PROBLEM DETAILS:
Return the whole listing unchanged. Drop the images.

COLLECTED DATA:
+ + +

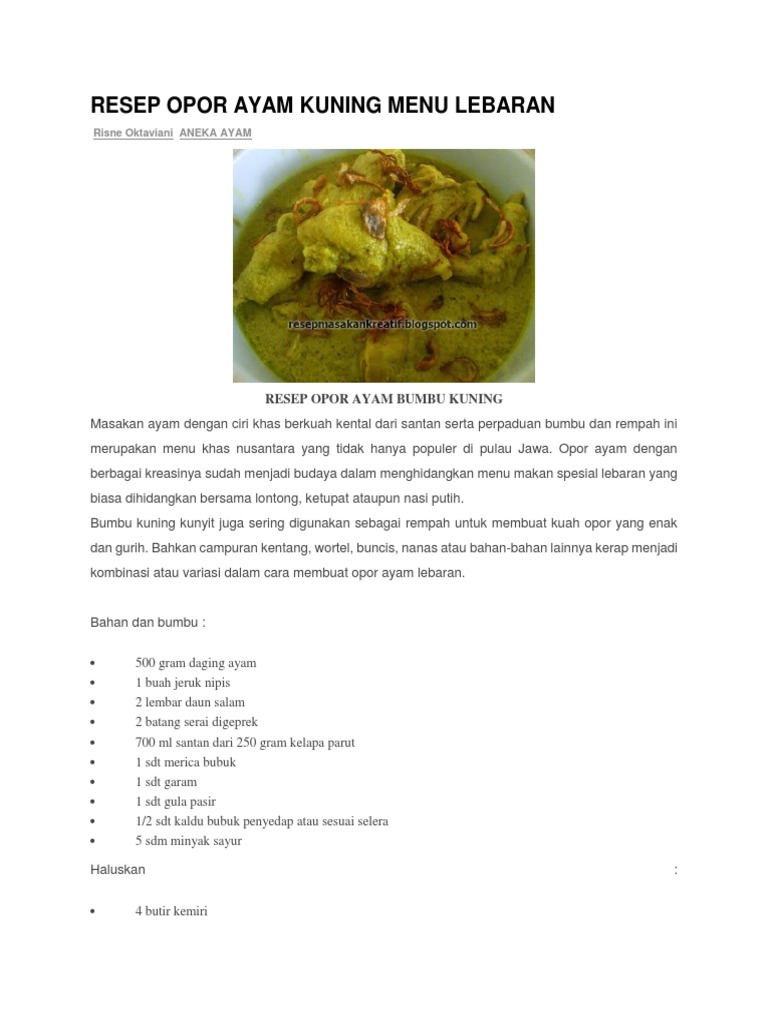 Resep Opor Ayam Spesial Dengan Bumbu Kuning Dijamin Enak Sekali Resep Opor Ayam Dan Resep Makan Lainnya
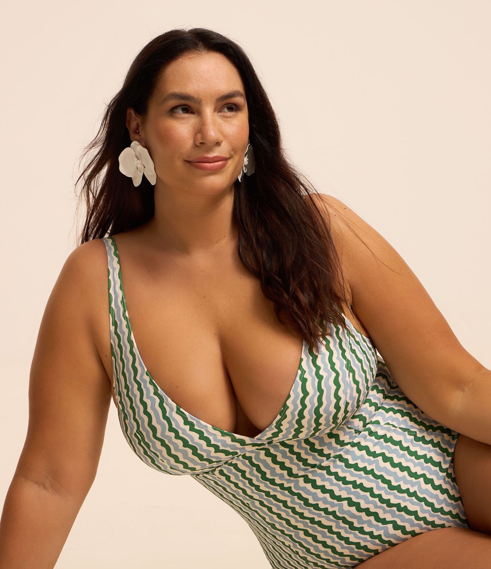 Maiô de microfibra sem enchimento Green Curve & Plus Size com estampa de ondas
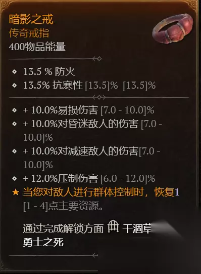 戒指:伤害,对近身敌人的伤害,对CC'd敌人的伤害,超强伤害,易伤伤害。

+ + +

EXPECTED ANSWER:
 Resep Opor Ayam Spesial Dengan Bumbu Kuning Dijamin Enak Sekali Resep Opor Ayam Dan Resep Makan Lainnya
 Maiô de microfibra sem enchimento Green Curve & Plus Size com estampa de ondas
 戒指:伤害,对近身敌人的伤害,对CC'd敌人的伤害,超强伤害,易伤伤害。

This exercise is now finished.